Political organization in El Salvador

COMADRES (CoMadres) is the group of mothers and family members of disappeared, imprisoned political prisoners in El Salvador. They are known for their impactful protests throughout the Salvadoran Civil War which in turn allowed them to receive international attention. They continued to organize and fight against injustices even after the Civil War.

== Political history ==
El Salvador is filled with a long history of social and political unrest. There has been cycles of violence and various conflicts, a significant one being La Matanza in 1932. Indigenous peasants and community activist joined together to rebel against social, political and economic injustices. Under the order of Maximiliano Hernandez Martinez, the Salvadoran military gained more power and raided/killed indigenous villages and people. Major shifts and violence around the country continued during the 1960s and 1970s. The conflict between the left and right wing grew stronger which lead to the Salvadoran Civil War which occurred from 1980 to 1992.“In a sense, the conflict between left and right wings never ended. Throughout the 1960s and 1970s, left-wing guerrillas and right-wing paramilitary death squads engaged in a deadly spiral of political violence. On October 15, 1979, a group of moderate officers ousted the dictator Carlos Humberto Romero and formed the Revolutionary Government Junta (JRG). In January 1980, right-wing violence broke out against the JRG, including bombings against government newspapers, kidnappings and murder. All of the JRG’s civilian leaders resigned. At the same time, the U.S. State Department received warnings that right-wing death squads were allying with the military against the government”.Women were involved in the war as guerilla fighters, activists, and post-war reconstruction. They were also heavily involved in NGOs. Some NGOs were women founded and led, such as COMADRES. Las COMADRES did not emerge from a feminist agenda but from the urgent pressures of stare oppression and political instability. As their husbands were killed, family members disappeared, or forced into hiding, many women suddenly became heads of household. In the countryside, women expanded their work for survival:

" In the countryside, women have increased their activities for self-sufficiency ... producing essential goods ... and, at the same time, seeking to increase income ( trying to sell more products, looking for work as domestic laborers " ( Cabrales 4)

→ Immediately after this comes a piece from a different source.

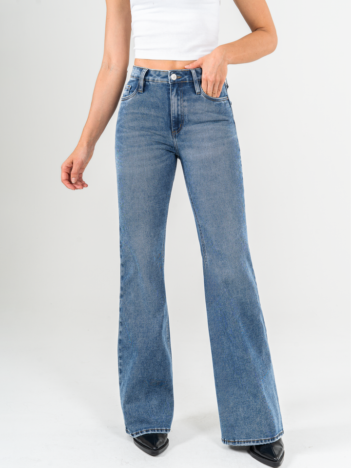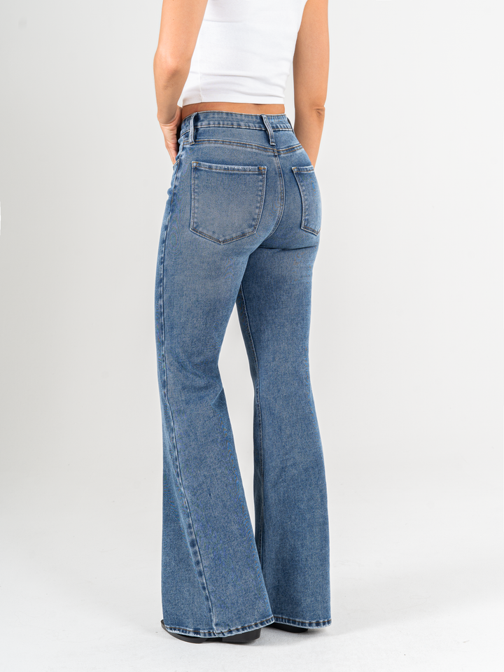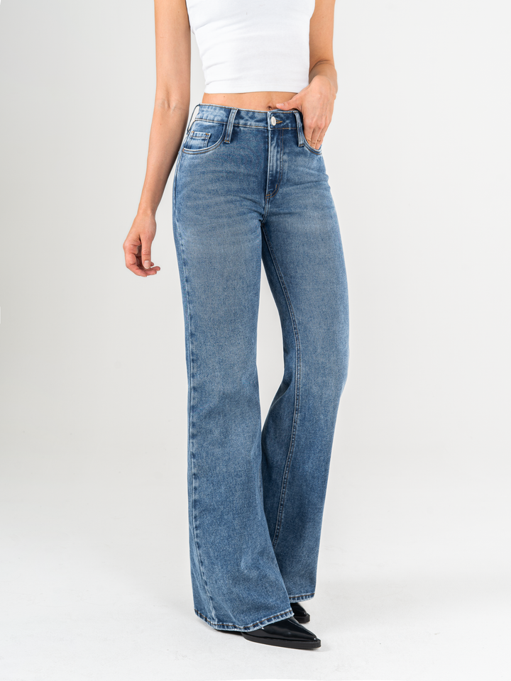Jean flare stretch, bota ancha, tiro alto, tono azul medio, silueta ajustada, diseño cinco bolsillos.

Others joined migration movements in search of employment, often leaving their children behind simply to secure food and survive. These circumstances reveal the severe risks and daily struggles that pushed these women to resist political tyranny and ultimately fueled the formation of COMADRES.

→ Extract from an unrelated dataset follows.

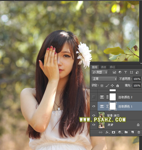 PS美女照片后期调色教程:把一张绿色偏黄美女照片打造成青色...

These women became powerful advocates for human and gender rights under El Salvador's "hegemonic ideological environment", which the military and right-wing groups sought to suppress political dissent. The COMADRES were viewed as threats because they publicly announced disappearances, actively protested, and supported families of the disappeared. Scholars described a women's identity as politically charged. As mothers became involved in social and political activism, many women began to be perceived by military authorities as "subversive". Military officials framed their participation as a deviation from traditional gender expectations, portraying their motherhood as "tainted" or compromised because they challenged dominant political ideologies and addressed broader social injustices. As a result, they were subjected to violence, sexual harassment, and intimidation, a strategy used by the military in broader counterinsurgency efforts aimed at restricting the COMADRES' participation in social change.

== Comadres background ==
"Comite de Madres y Familiares de Presos, Desaparecidos y Asesinados Politicos de El Salvador" was known as 'CoMadres'. This organization was founded in 1977 and consisted of approximately nine members. This organization played an important role during the civil war. The committee was made up of mothers and family members of people who were imprisoned, disappeared, or killed for political reasons. The goal was to advocate for the rights and social justice of their loved ones while at the same time raising awareness about the human rights violations committed by both sides. The committee consisted of students, teachers, workers, peasants, housewives and small shopkeepers. In the first two years, COMADRES had no formal office and it wasn't until 1979 that they found a definite location where they established a governance structure to maintain and organize themselves. Their organizational structure was built off of 5 different committees: Publicity, Finances, Organizing, Exterior Political relations and a director with 5 representatives that work on daily planning. Their office holds assemblies throughout the week to determine policy decisions and create campaigns for international solidarity and transnational activism. Another accomplishment in 1979 for COMADRES was their first trip abroad to Costa Rica.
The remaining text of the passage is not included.